======== Source material
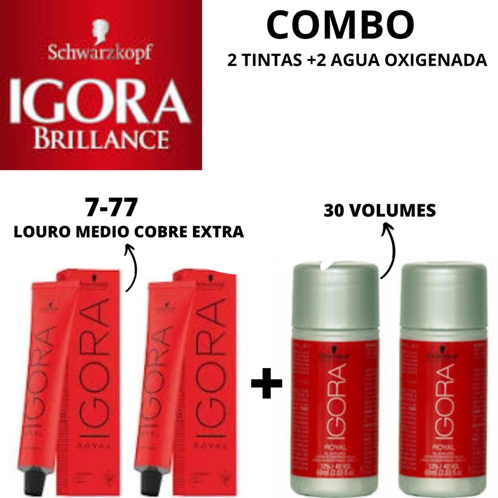 COMBO 2 TINTAS IGORA 7-77(LOURO MEDIO COBRE EXTRA) +2 AGUA OXIGENADA VOL 30
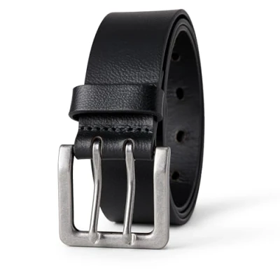 COMFORT AND FIT: This men’s belt has 7 rows of holes for flexible sizing MATERIAL: Amazon Essentials belts are made from high-quality leather. Leather is a natural product with unique characteristics that can vary from belt to belt STYLE: This double-pronged belt features a burnished nickle buckle and has a polished yet relaxed aesthetic DETAILS: 1.2” (3.1cm) wide
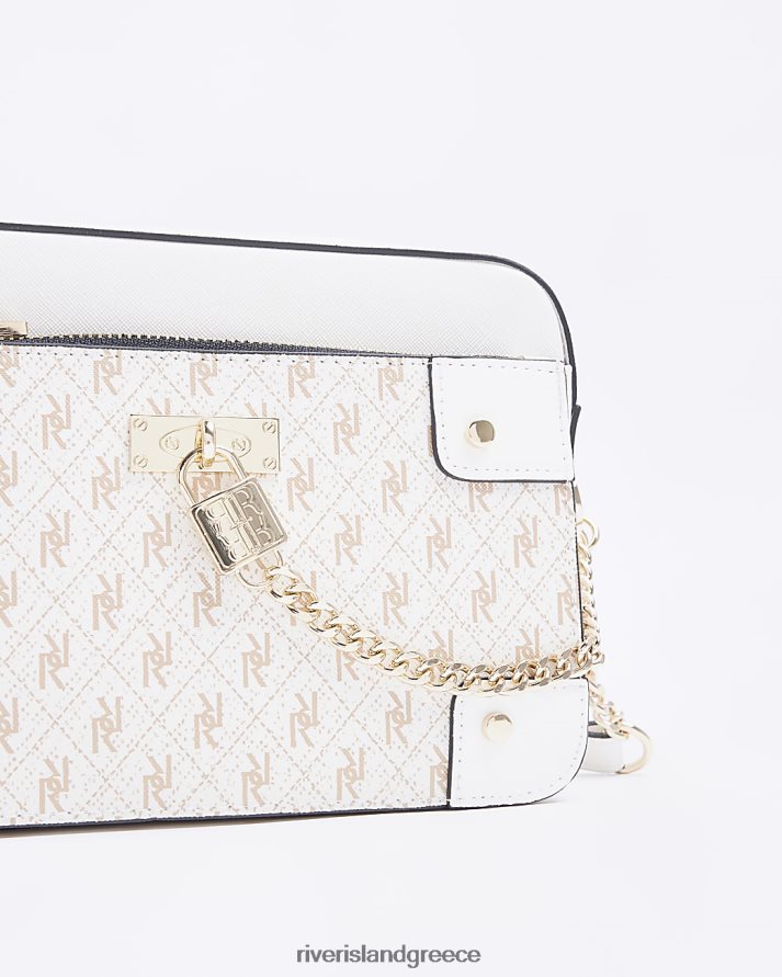 River Island αξεσουάρ άσπρο γυναίκες Τσάντα χιαστί με λουκέτο μονόγραμμα B6N8X1932
================
**What is required:** Would it be possible to copy the material exactly, excluding the images?

**Reply:**
 COMBO 2 TINTAS IGORA 7-77(LOURO MEDIO COBRE EXTRA) +2 AGUA OXIGENADA VOL 30
 COMFORT AND FIT: This men’s belt has 7 rows of holes for flexible sizing MATERIAL: Amazon Essentials belts are made from high-quality leather. Leather is a natural product with unique characteristics that can vary from belt to belt STYLE: This double-pronged belt features a burnished nickle buckle and has a polished yet relaxed aesthetic DETAILS: 1.2” (3.1cm) wide
 River Island αξεσουάρ άσπρο γυναίκες Τσάντα χιαστί με λουκέτο μονόγραμμα B6N8X1932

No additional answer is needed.